Tanto no Progresso Técnico, como, principalmente, na Acumulação de Capital, residem para Marx as principais contradições do capitalismo. A tendência do capitalista é a acumulação do capital, e tendo em vista que a taxa de mais-valia e a taxa de lucro são decorrentes da utilização do capital variável (força de trabalho), estas tendem a declinar quanto mais se intensifica a utilização do capital constante (máquinas, equipamentos, etc.). Portanto, a taxa de lucro do sistema capitalista é declinante.

Para Marx, o movimento de declínio da taxa de lucro pode ser contrariado pela exploração da força de trabalho. Aumentando esta, irá aumentar a mais-valia e, conseqüentemente, a taxa de lucro. "A taxa geral de lucro pode variar, sem que se altere o valor das mercadorias, quando varia o grau de exploração do trabalho." (MARX, 1987, p.189).

Uma observação não realizada por Marx é que o progresso técnico aumenta a produtividade marginal do trabalho, resultando numa maior exploração da força de trabalho e em uma maior mais-valia.

Outro ponto inerente ao progresso técnico e à acumulação de capital dentro do sistema capitalista é a monopolização. Uma vez que a acumulação é parte do sistema capitalista, algumas empresas não irão conseguir competir no mercado. As empresas menos competitivas desaparecem, concentrando a indústria em poucas empresas. À medida que a concentração e o progresso técnico aumentam, a concorrência diminui. Aquelas empresas que não conseguem acompanhar o ritmo das inovações, por não terem tecnologia e capital suficiente para seguir competitivas, são obrigadas a

cessar sua atividade. A tendência do capitalismo é, portanto, a concentração, uma vez que nem todos conseguem acompanhar o progresso técnico.

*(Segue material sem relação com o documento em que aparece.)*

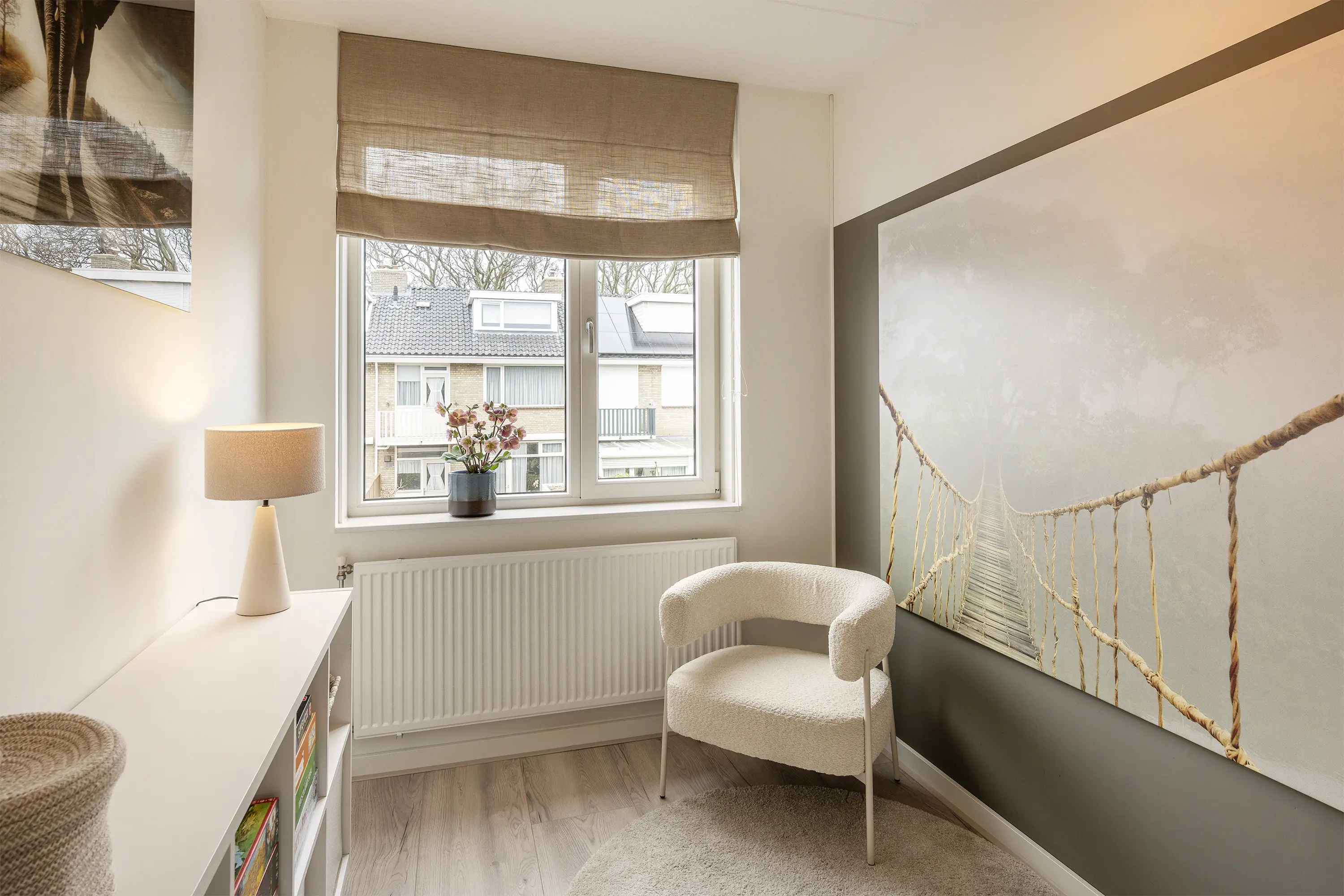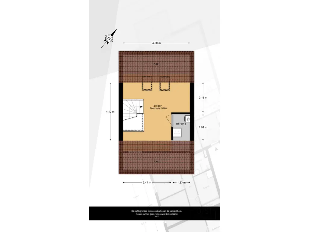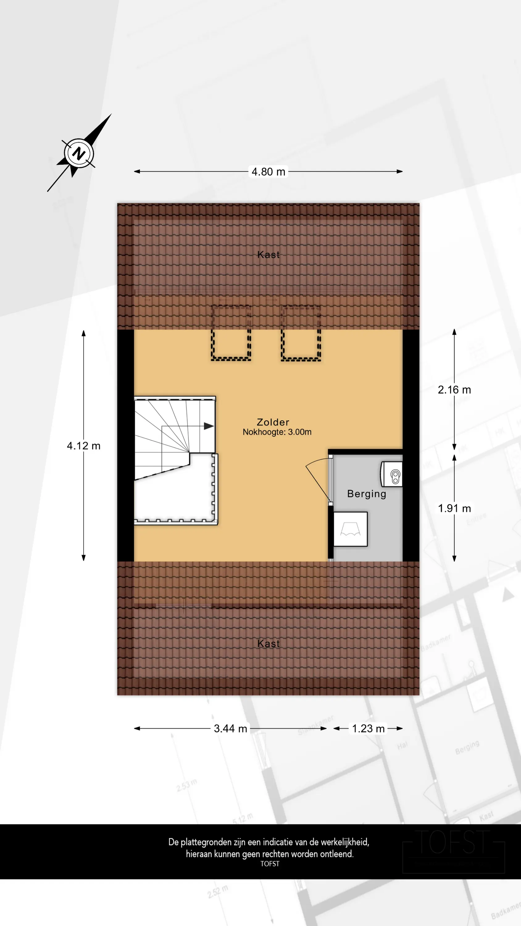De zolder beschikt over twee Velux dakramen die zorgen voor veel natuurlijk licht. Deze ruimte kan perfect gebruikt worden als thuiswerkplek of hobbyruimte. Achter de knieschotten vindt u praktische bergruimte. Daarnaast is er een aparte wasruimte met aansluitingen voor wasmachine en droger, evenals de opstelplaats voor de HR combi-ketel. Een volwaardige en multifunctionele verdieping.

Ponto inerente à teoria marxista, e bastante relevante para o desenvolvimento desta tese, é que, dada a concentração e acumulação de capital, mais trabalhadores são excluídos do processo produtivo, formando o chamado Exército Industrial de Reserva. A introdução do progresso técnico faz com que parte do capital variável se transforme em capital constante, ou seja, parte dos trabalhadores fica desempregada, aumentando a reserva de força de trabalho. A existência do Exército Industrial de Reserva mantém a oferta de força de trabalho o suficiente para impedir que o preço desta aumente.

Marx argumentava que os produtores procuravam diminuir, continuamente, os custos da mão-de-obra e obter maior controle sobre os meios de produção, substituindo trabalhadores por bens de capital, sempre e onde fosse possível. Dizia que os capitalistas não lucravam apenas com a maior produtividade, custos reduzidos e maior controle sobre a produção, mas também com a criação de um imenso exército de trabalhadores desempregados, com o que o poder de trabalho estaria disponível para exploração em algum outro lugar da economia.

Quando Marx apresentou sua crítica ao capitalismo e aos capitalistas, em defesa do trabalhador, a economia vivia a euforia da industrialização, que começara no século anterior, na Inglaterra, e já se espalhava por toda a Europa.

A crescente automação e revolução tecnológica no mundo contemporâneo fez com que as previsões de Marx se confirmassem, uma vez que já na época da revolução industrial o homem era substituído pela máquina e o desemprego era crescente.

Prognosticou que a maior automação da produção acabaria por eliminar completamente o trabalhador, resultando na "derradeira metamorfose do trabalho", quando um sistema automático de maquinaria substituiria finalmente seres humanos no processo econômico.

Ainda no século XIX, Karl Marx faz observações, em seus escritos, que podem estar relacionadas com a nossa realidade contemporânea. Ele afirmou que as bases técnicas promovem um tal desenvolvimento da força produtiva social do trabalho que vão tornando livre o próprio trabalho.

Marx previu, assim, uma progressão constante de substitutos mecânicos cada vez mais sofisticados para a mão-de-obra humana, afirmando que cada salto tecnológico tornaria as operações do trabalhador mais e mais mecanizadas, até que, em determinado momento, o mecanismo poderia tomar seu lugar.